I when digging into the source code of rest_framework and got the following findings:

For question 1. Why do we need to specify partial=True?

This question is related to HTTP verbs.

PUT: The PUT method replaces all current representations of the target resource with the request payload.

PATCH: The PATCH method is used to apply partial modifications to a resource.

Generally speaking, partial is used to check whether the fields in the model is needed to do field validation when client submitting data to the view.

For example, we have a Book model like this, pls note both of the name and author_name fields are mandatory (not null & not blank).

class Book(models.Model):
    name = models.CharField('name of the book', max_length=100)
    author_name = models.CharField('the name of the author', max_length=50)

# Create a new instance for testing
Book.objects.create(name='Python in a nut shell', author_name='Alex Martelli')

For some scenarios, we may only need to update part of the fields in the model, e.g., we only need to update name field in the Book. So for this case, client will only submit the name field with new value to the view. The data submit from the client may look like this:

{"pk": 1, name: "PYTHON IN A NUT SHELL"}

But you may have notice that our model definition does not allow author_name to be blank. So we have to use partial_update instead of update. So the rest framework will not perform field validation check for the fields which is missing in the request data.

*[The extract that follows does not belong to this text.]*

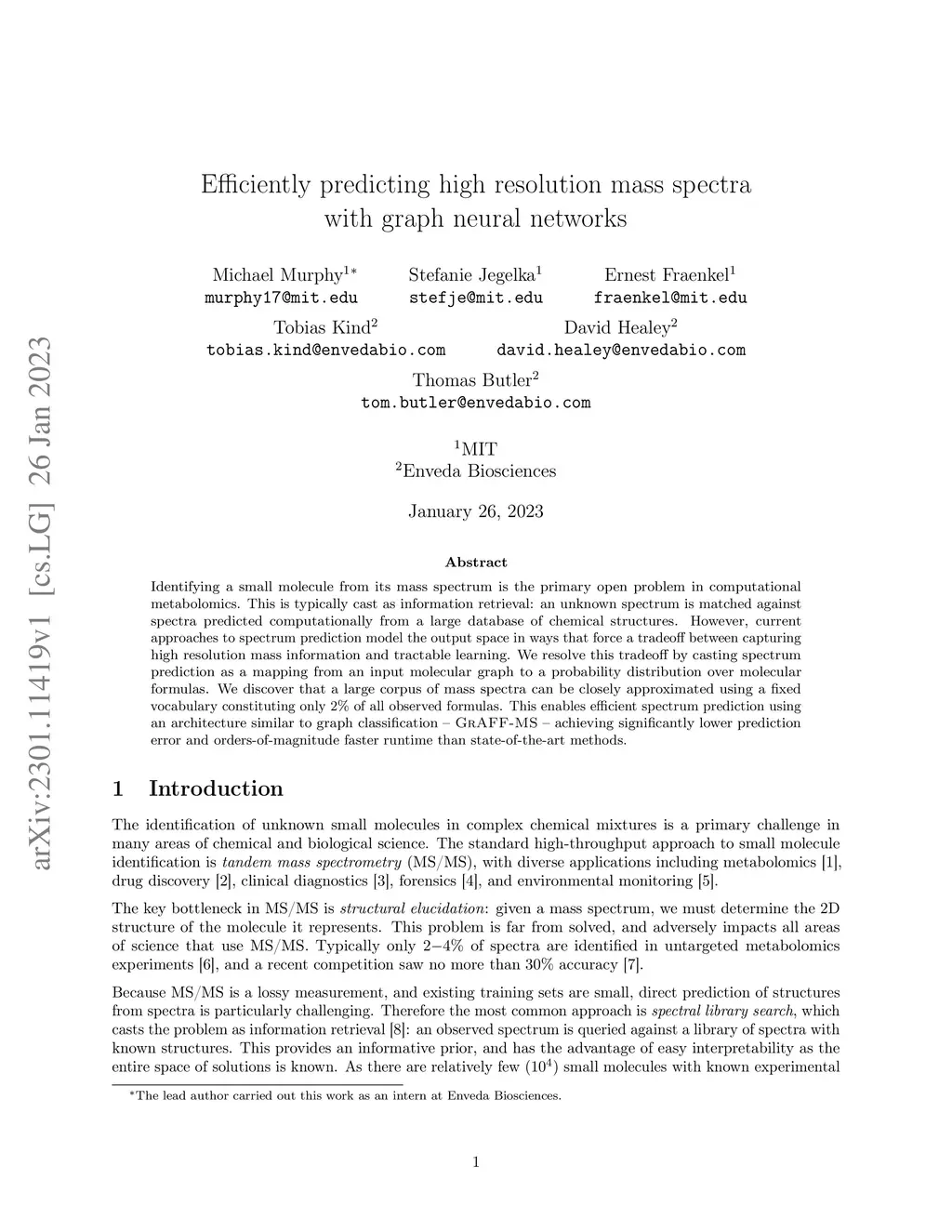 Identifying a small molecule from its mass spectrum is the primary open problem in computational metabolomics. This is typically cast as information retrieval: an unknown spectrum is matched against spectra predicted computationally from a large database of chemical structures. However, current approaches to spectrum prediction model the output space in ways that force a tradeoff between capturing high resolution mass information and tractable learning. We resolve this tradeoff by casting spectrum prediction as a mapping from an input molecular graph to a probability distribution over molecular formulas. We discover that a large corpus of mass spectra can be closely approximated using a fixed vocabulary constituting only 2% of all observed formulas. This enables efficient spectrum prediction using an architecture similar to graph classification - GrAFF-MS - achieving significantly lower prediction error and orders-of-magnitude faster runtime than state-of-the-art methods.

For testing purpose, you can create two views for both update and partial_update, and you will get more understanding what I just said.

Example:

views.py

from rest_framework.generics import GenericAPIView
from rest_framework.mixins import UpdateModelMixin
from rest_framework.viewsets import ModelViewSet
from rest_framework import serializers


class BookSerializer(serializers.ModelSerializer):
    class Meta:
        model = Book


class BookUpdateView(GenericAPIView, UpdateModelMixin):
    '''
    Book update API, need to submit both `name` and `author_name` fields
    At the same time, or django will prevent to do update for field missing
    '''
    queryset = Book.objects.all()
    serializer_class = BookSerializer

    def put(self, request, *args, **kwargs):
        return self.update(request, *args, **kwargs)

class BookPartialUpdateView(GenericAPIView, UpdateModelMixin):
    '''
    You just need to provide the field which is to be modified.
    '''
    queryset = Book.objects.all()
    serializer_class = BookSerializer

    def put(self, request, *args, **kwargs):
        return self.partial_update(request, *args, **kwargs)

urls.py

urlpatterns = patterns('',
    url(r'^book/update/(?P<pk>\d+)/$', BookUpdateView.as_view(), name='book_update'),
    url(r'^book/update-partial/(?P<pk>\d+)/$', BookPartialUpdateView.as_view(), name='book_partial_update'),
)

Data to submit

{"pk": 1, name: "PYTHON IN A NUT SHELL"}

When you submit the above json to the /book/update/1/, you will got the following error with HTTP_STATUS_CODE=400:

{
  "author_name": [
    "This field is required."
  ]
}

But when you submit the above json to /book/update-partial/1/, you will got HTTP_STATUS_CODE=200 with following response,

{
  "id": 1,
  "name": "PYTHON IN A NUT SHELL",
  "author_name": "Alex Martelli"
}

For question 2. What is inside of serialized variable?

serialized is a object wrapping the model instance as a serialisable object. and you can use this serialized to generate a plain JSON string with serialized.data .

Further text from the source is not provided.